Бицилли П.: В. Сирин. "Приглашение на казнь". — Его же. "Соглядатай". Париж, 1938

В. Сирин. «Приглашение на казнь». — Его же. «Соглядатай». Париж, 1938{247}

Когда перечитываешь у писателя сразу то, что раньше приходилось читать с большими перерывами, легче подметить кое-какие постоянно встречающиеся у него стилистические особенности, а тем самым приблизиться к уразумению его руководящей идеи — в полном смысле этого слова, т. е. его видения мира и жизни — поскольку у настоящего писателя «форма» и «содержание» — одно и то же. Одна из таких черт у Сирина — это своего рода «каламбур», игра сходно звучащими словами. «…И как дым исчезает доходный …» («Соглядатай»), — и еще множество подобных сочетаний в «Приглашении на казнь»: сочетаний слов с одинаковым числом слогов и рифмующих одно с другим («…От него пахло мужиком, табаком, чесноком»), или «симметрических» в звуковом отношении словесных групп: «…в песьей маске с марлевой п…» (пм — мп); ср. еще: «…Картина ли кисти крутого колориста» — аллитерации плюс ассонансы; «тесть, опираясь на трость…»; «Там тамошние холмы томление прудов, тамтам далекого оркестра…»; «блевал бледный библиотекарь…», — или еще сколько угодно подобных случаев.
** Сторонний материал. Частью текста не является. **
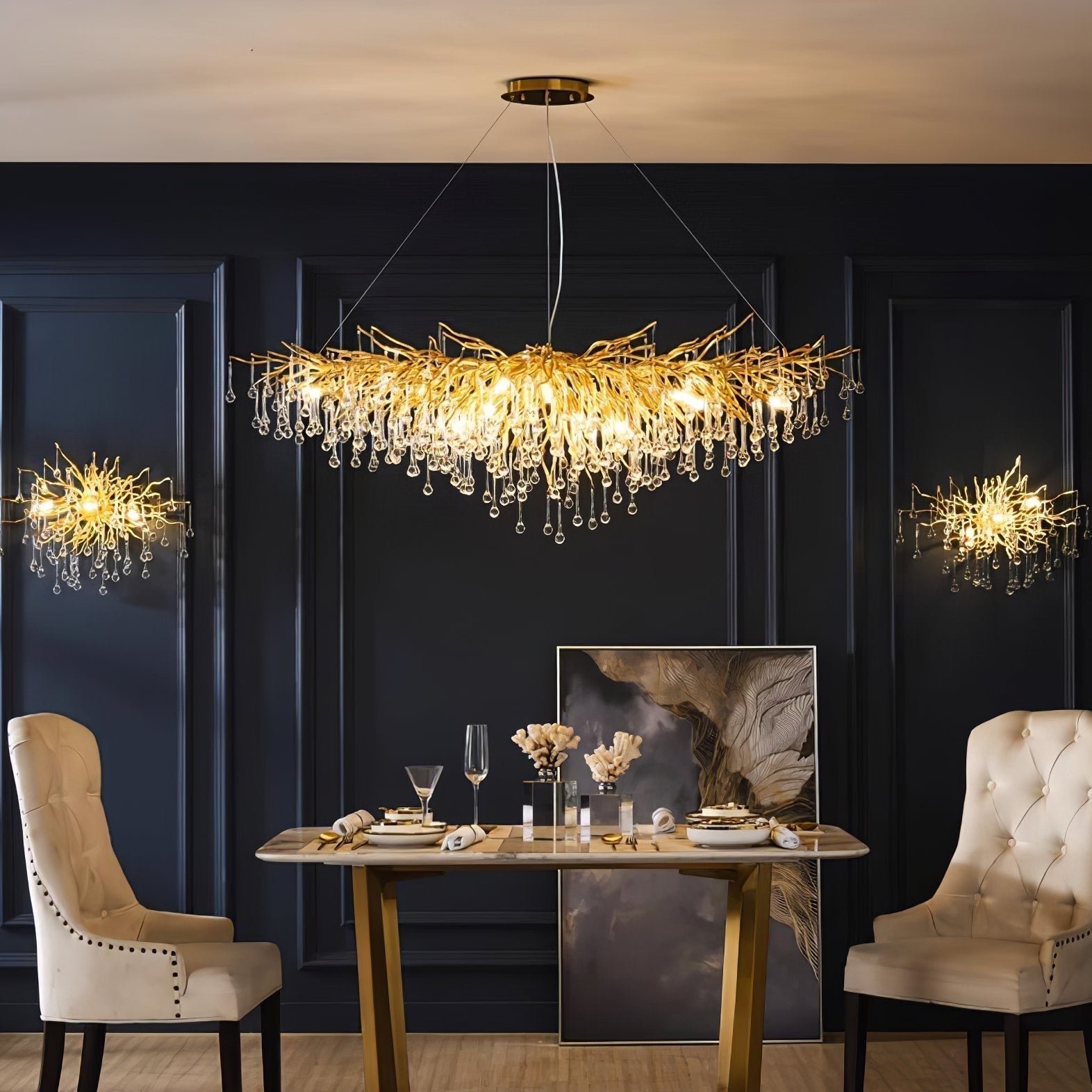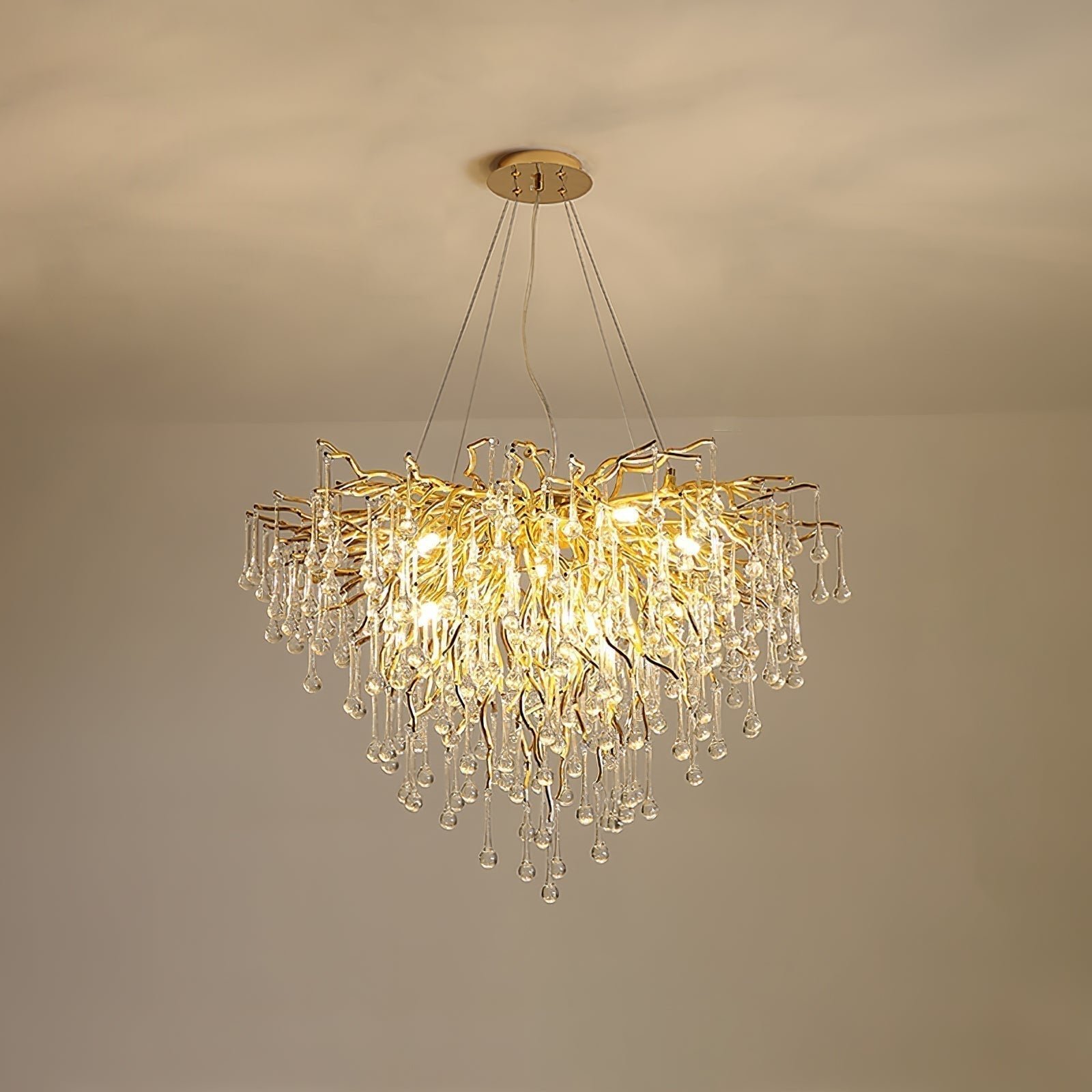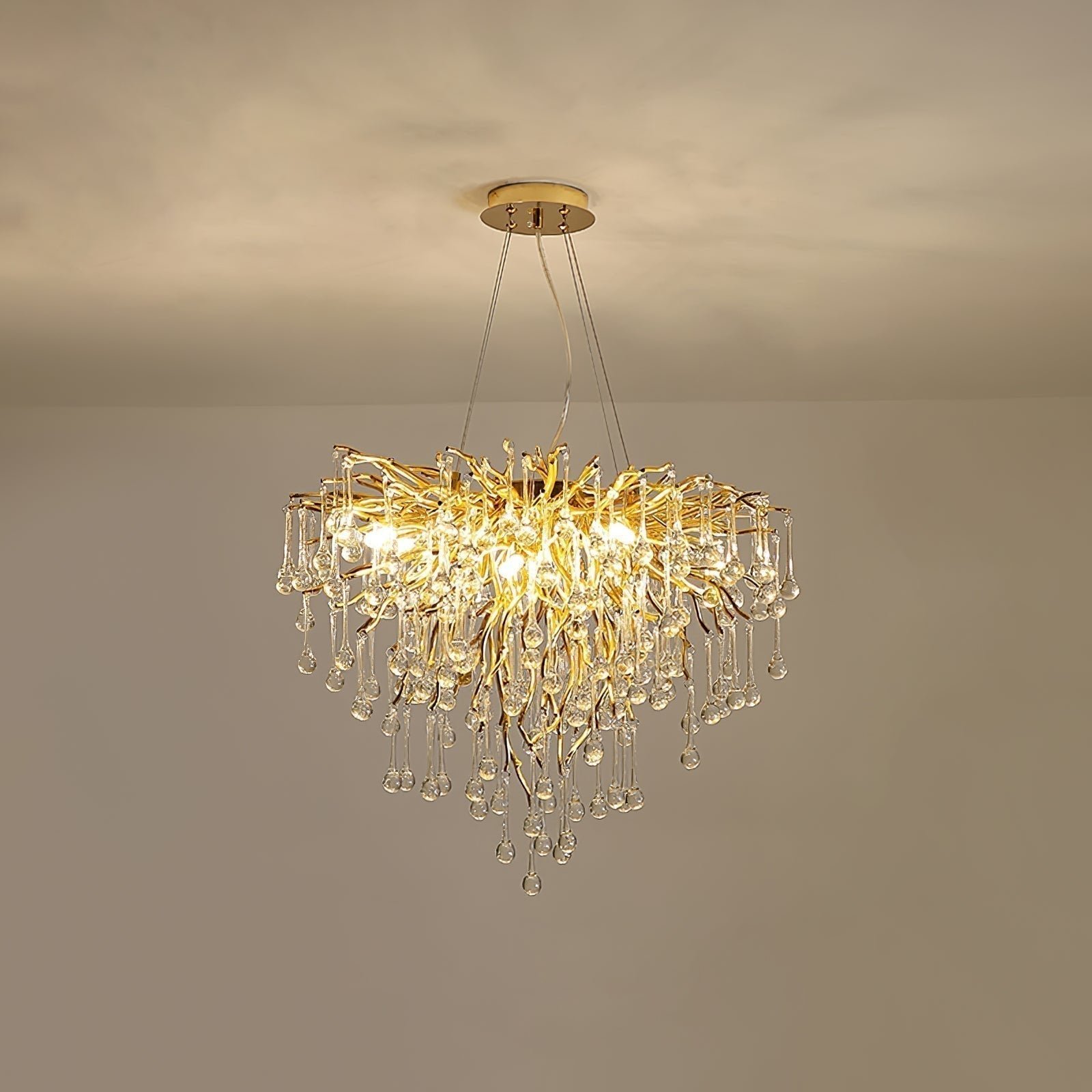 The MINIHOUZZ Teardrop Crystal Chandelier features crystal teardrop beads that create a captivating sparkle. This elegant fixture is designed to enhance the aesthetic of various indoor spaces with its sophisticated design.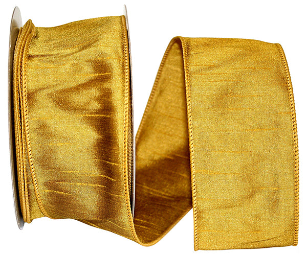 Elevate your seasonal and everyday designs with the luxurious texture of our Dupioni Supreme Wired Edge Ribbon in antique gold. Offered in 2.5" width and available in 20 yard rolls, this high-end ribbon features a subtly textured, silk-like finish and wired edges for effortless shaping. Perfect for holiday bows, wreaths, gift wrapping, floral designs, and upscale event decor.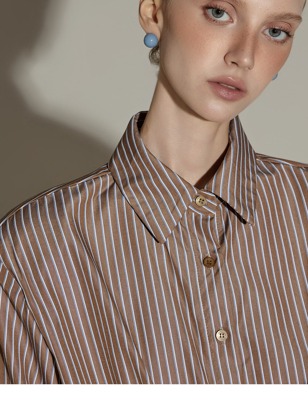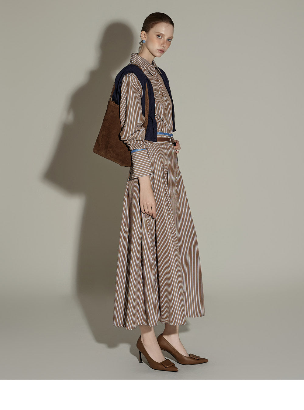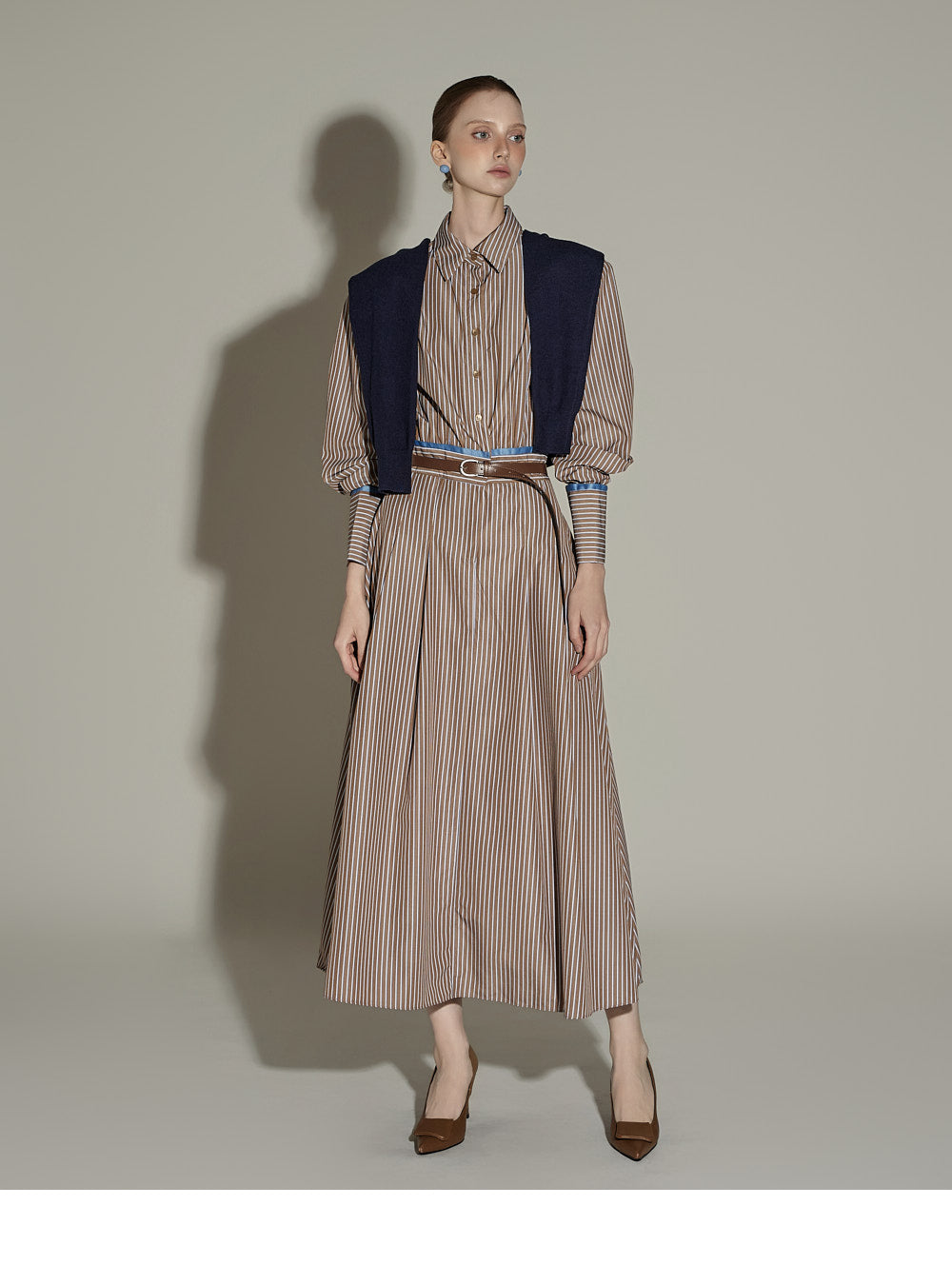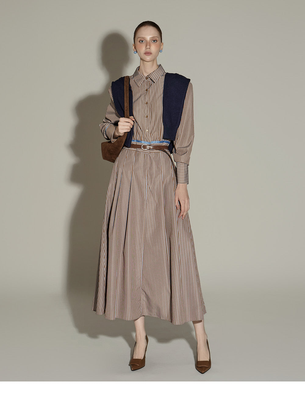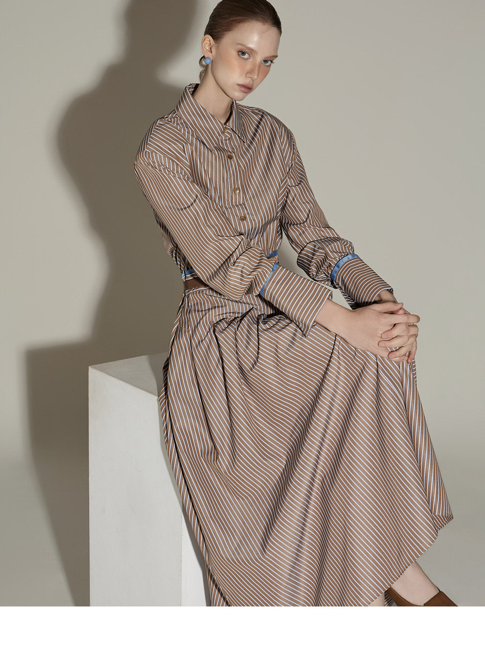 while the overall striped pattern and contrasting color accents on the waist and sleeves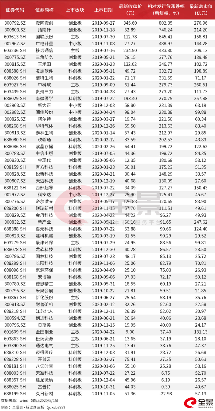 值得一提的是,这些转板个股中,也出现了多只100元以上股票。除了壹网壹创之外,截至5月15日盘后,移远通信、南微医学、玉禾田、帝尔激光、国联股份等个股股价均站上了100元之上。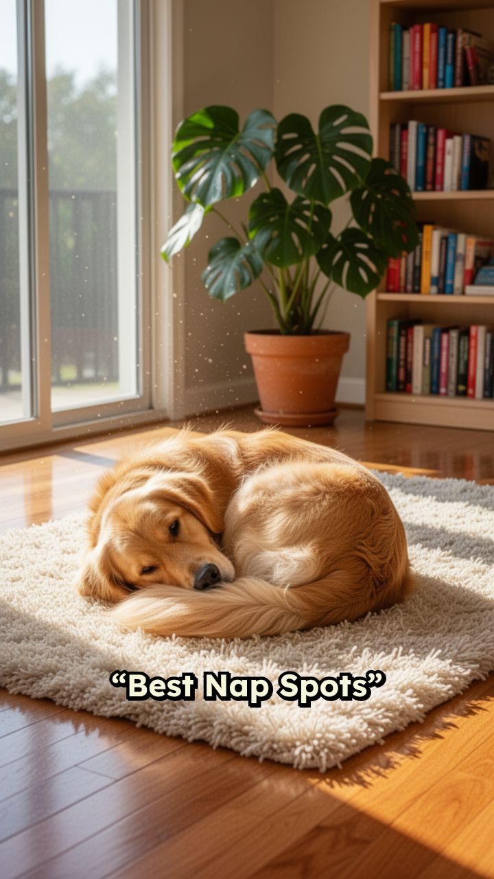 bed, basket). Add funny captions like “10/10 would nap again.”
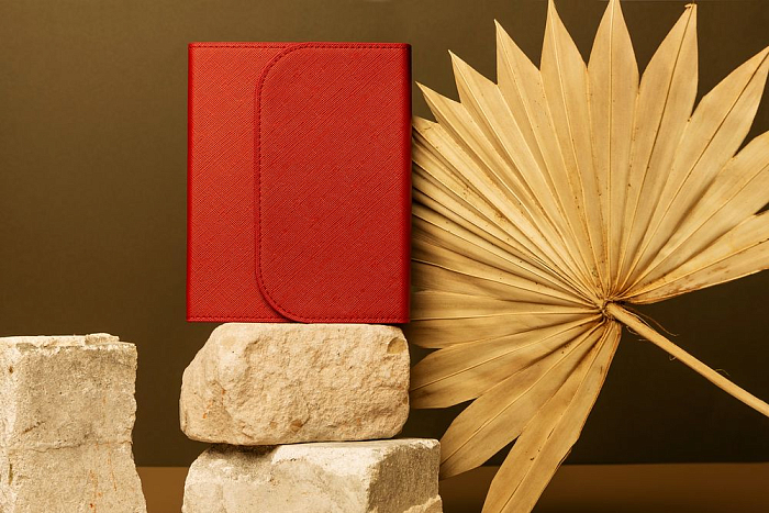 Ежедневник с твердой обложкой из фактурного материала и клапаном на магните.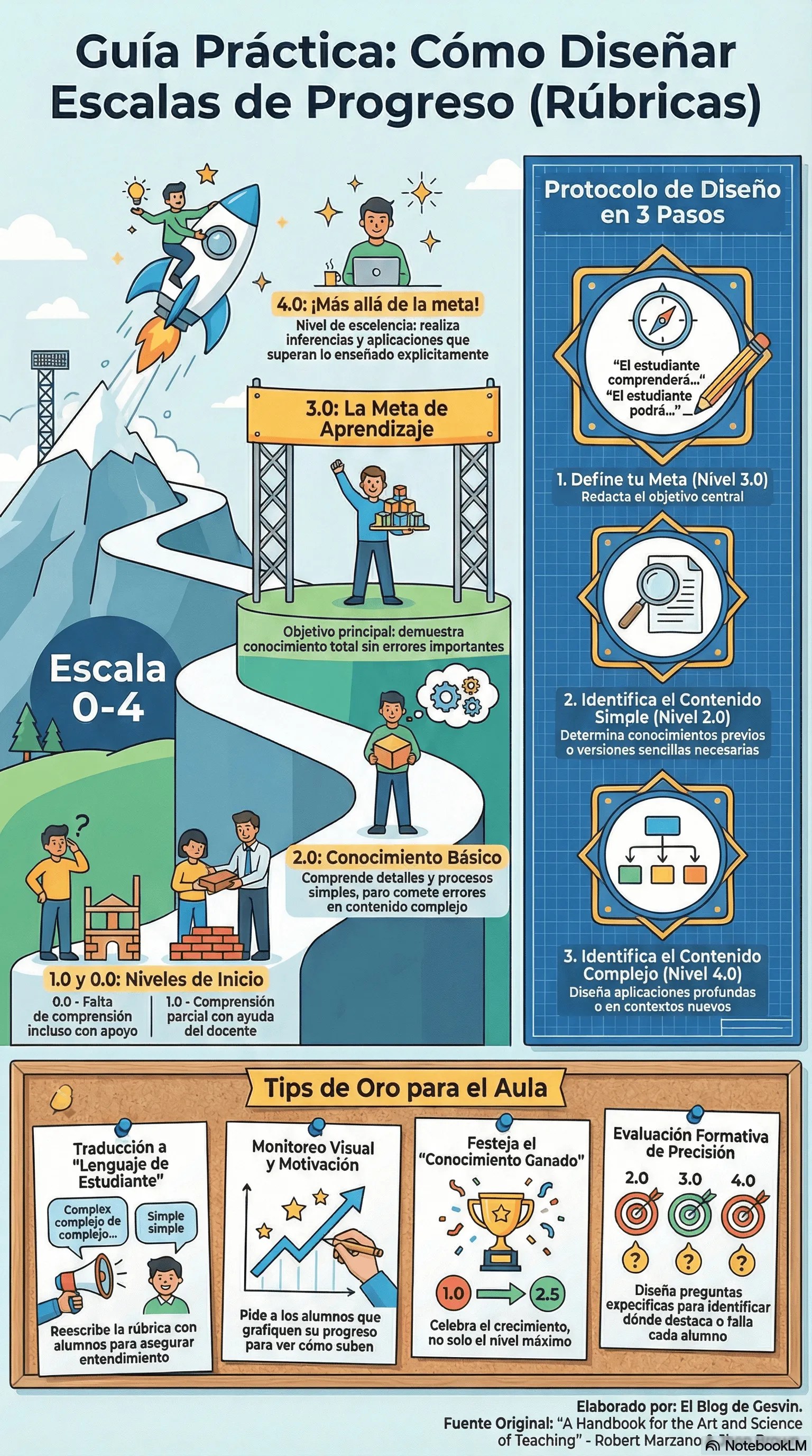 ¡Hola amigos! hoy compartimos un interesante contenido sobre «Cómo Diseñar Escalas de Progreso (Rúbricas) – Guía Práctica con Protocolo de 3 Pasos»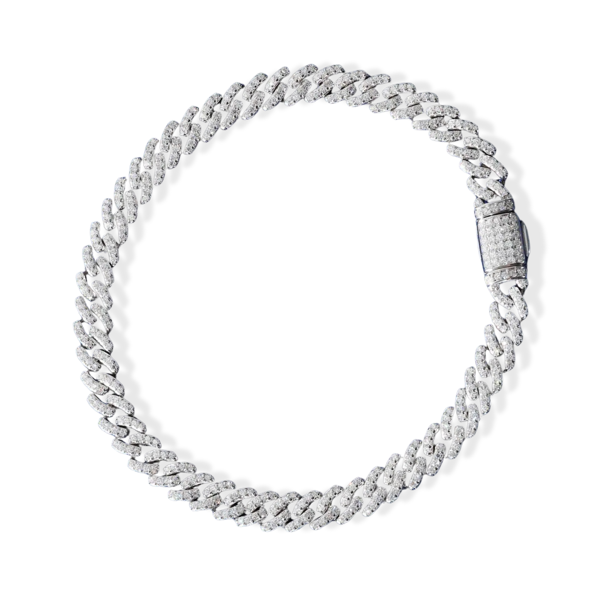 Cubana elaborada en plata esterlina 925, realzada con un sofisticado baño en oro blanco de 18 quilates e incrustaciones en moissanitas VVS1 claridad D, que aportan un destello incomparable y elegancia en todo momento.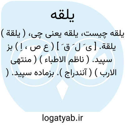 ( یلقة ) یلقة. [ ی َ ل َ ق َ ] ( ع ص، اِ ) بز سپید. ( ناظم الاطباء ) ( منتهی الارب ) ( آنندراج ). بزماده سپید. ( از مهذب الاسماء ). || واحد یلق. ( ناظم الاطباء ). یکی یلق. ( منتهی الارب ) ( آنندراج ).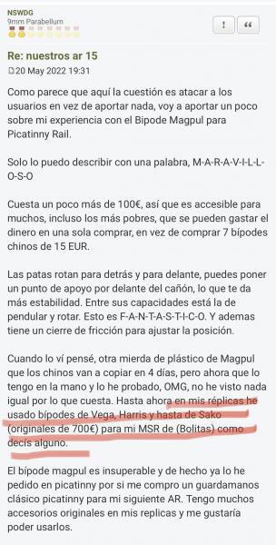 Creo que haces como en el parchís.....te comes 1 y te cuentas 20........ Lis Barrett de visión son como el Guadiana, lo de Rks plus cada X tiempo, lo de Martínez antes de llegar está vendido......y no solo Colt o LWRCI......,sabrás lo que han traído....... :lol: :lol: :lol: :lol: :lol: han traído de las mejores marcas de USA como LMT, FN, NOVESKE.........y las que no menciono o r no meter la pata ....... en fin lo único en stock a día de hoy los Haenel.......lo dicho lentejas lo tomas o lo dejas........ ahhhh !!!!! no era el mercado español cutre ????? de lo que citas cutre ni hay nada.......por sus actos lo conoceréis.......según dicen...... :saluting-soldier:

Похоже, что автор сам намекает на эту свою манеру, говоря о романе, который читал Цинциннат, где «был в полторы страницы параграф, в котором все слова начинались на п». Но здесь он словно подсмеивается над собою, последовательный в своем стремлении выдержать тон иронии; в другом месте он, говоря от имени Цинцинната, обосновывает этот словесный прием: «…догадываясь о том, как складываются слова, как должно поступать, чтобы слово обыкновенное оживало, чтобы оно заимствовало у своего соседа его блеск, жар, тень, само отражаясь в нем и его тоже обновляя своим отражением…» Прием, отмеченный мною, — лишь одно из средств «оживить» слово, сделать его экспрессивнее, заставить услышать смыслом: «шелестящее, влажное слово счастье, плещущее слово, такое живое, ручное, само улыбается, само плачет…» («Соглядатай»); «Вот тоже интересное слово Вроде коня и гонца в одном…» (ib.). Ср. также в «Приглашении на казнь»: «Тупое тут, подпертое и запертое четою „твердо“, темная тюрьма… держит меня и теснит». Раз так, то слова, сходно звучащие, говорят о чем-то общем.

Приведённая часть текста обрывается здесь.